EXERCISE:
Set down each line from the line holding "患者李XX,女,75岁,主因" to the last line of the entries below, exactly, with both ends included and without pictures.

Stored records:
::::::::
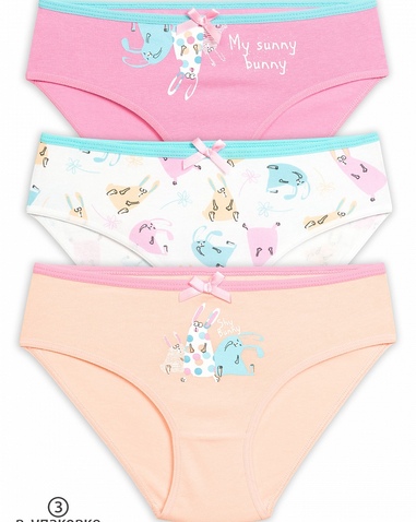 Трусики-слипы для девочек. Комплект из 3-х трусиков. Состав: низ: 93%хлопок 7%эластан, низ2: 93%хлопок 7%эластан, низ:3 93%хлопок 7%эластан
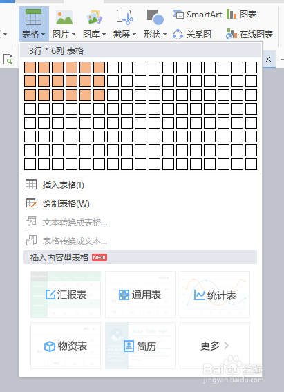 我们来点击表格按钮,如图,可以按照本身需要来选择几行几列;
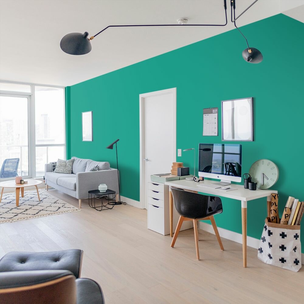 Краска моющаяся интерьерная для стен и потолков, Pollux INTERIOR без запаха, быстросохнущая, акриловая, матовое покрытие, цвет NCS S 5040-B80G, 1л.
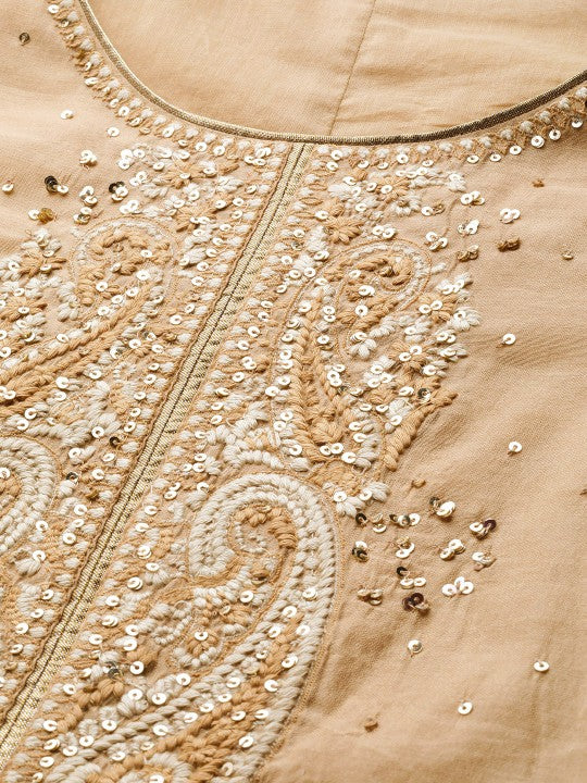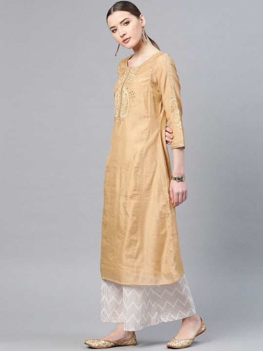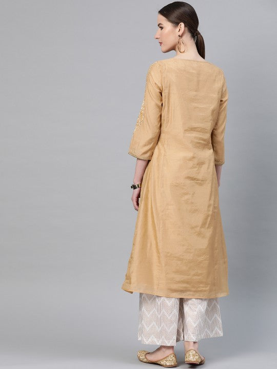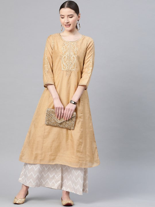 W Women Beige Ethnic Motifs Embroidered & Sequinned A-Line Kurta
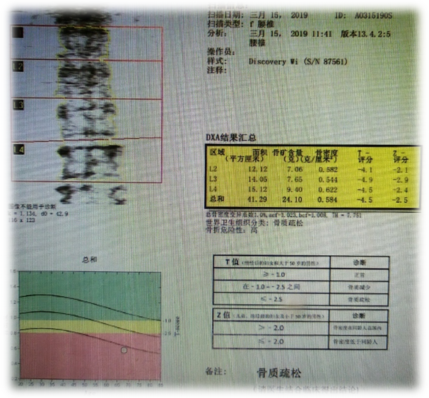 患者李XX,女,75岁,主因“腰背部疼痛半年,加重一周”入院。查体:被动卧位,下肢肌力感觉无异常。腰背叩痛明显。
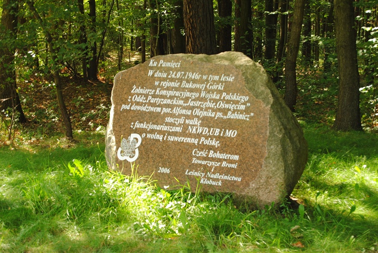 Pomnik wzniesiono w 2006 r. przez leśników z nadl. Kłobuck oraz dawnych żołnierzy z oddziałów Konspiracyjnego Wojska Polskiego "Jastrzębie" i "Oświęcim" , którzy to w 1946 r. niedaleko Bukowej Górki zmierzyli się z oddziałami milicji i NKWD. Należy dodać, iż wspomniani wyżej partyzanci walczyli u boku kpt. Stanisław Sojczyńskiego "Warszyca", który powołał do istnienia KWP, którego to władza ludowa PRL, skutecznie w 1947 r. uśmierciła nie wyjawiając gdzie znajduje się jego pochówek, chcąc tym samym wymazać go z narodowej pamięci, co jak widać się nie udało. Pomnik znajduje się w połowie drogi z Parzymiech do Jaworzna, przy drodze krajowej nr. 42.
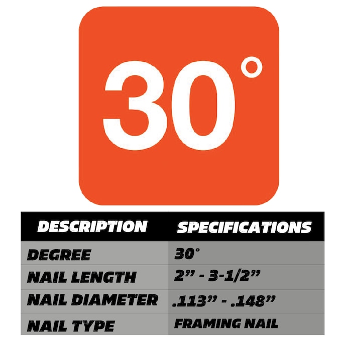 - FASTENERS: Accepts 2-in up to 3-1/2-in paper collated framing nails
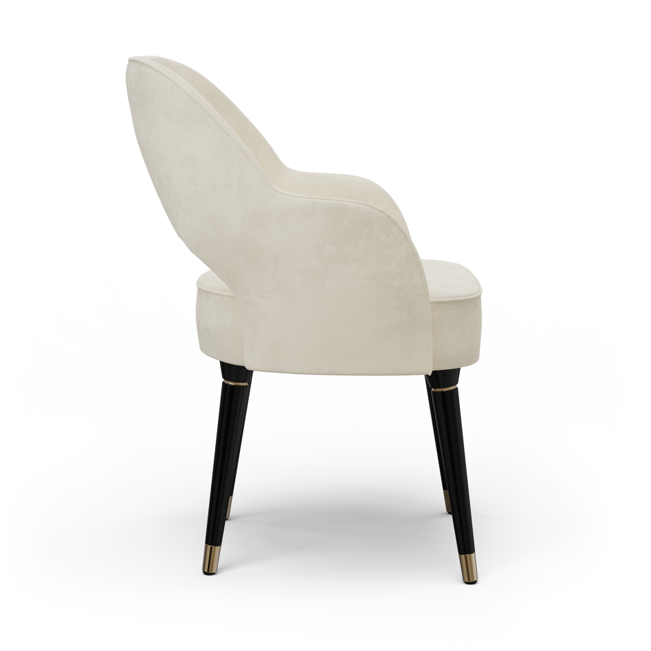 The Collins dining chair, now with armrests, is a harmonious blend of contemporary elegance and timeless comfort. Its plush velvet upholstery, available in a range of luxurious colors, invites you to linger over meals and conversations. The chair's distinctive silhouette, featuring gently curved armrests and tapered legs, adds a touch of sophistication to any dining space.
::::::::
RESULT FOR THIS TASK:
 患者李XX,女,75岁,主因“腰背部疼痛半年,加重一周”入院。查体:被动卧位,下肢肌力感觉无异常。腰背叩痛明显。
 Pomnik wzniesiono w 2006 r. przez leśników z nadl. Kłobuck oraz dawnych żołnierzy z oddziałów Konspiracyjnego Wojska Polskiego "Jastrzębie" i "Oświęcim" , którzy to w 1946 r. niedaleko Bukowej Górki zmierzyli się z oddziałami milicji i NKWD. Należy dodać, iż wspomniani wyżej partyzanci walczyli u boku kpt. Stanisław Sojczyńskiego "Warszyca", który powołał do istnienia KWP, którego to władza ludowa PRL, skutecznie w 1947 r. uśmierciła nie wyjawiając gdzie znajduje się jego pochówek, chcąc tym samym wymazać go z narodowej pamięci, co jak widać się nie udało. Pomnik znajduje się w połowie drogi z Parzymiech do Jaworzna, przy drodze krajowej nr. 42.
 - FASTENERS: Accepts 2-in up to 3-1/2-in paper collated framing nails
 The Collins dining chair, now with armrests, is a harmonious blend of contemporary elegance and timeless comfort. Its plush velvet upholstery, available in a range of luxurious colors, invites you to linger over meals and conversations. The chair's distinctive silhouette, featuring gently curved armrests and tapered legs, adds a touch of sophistication to any dining space.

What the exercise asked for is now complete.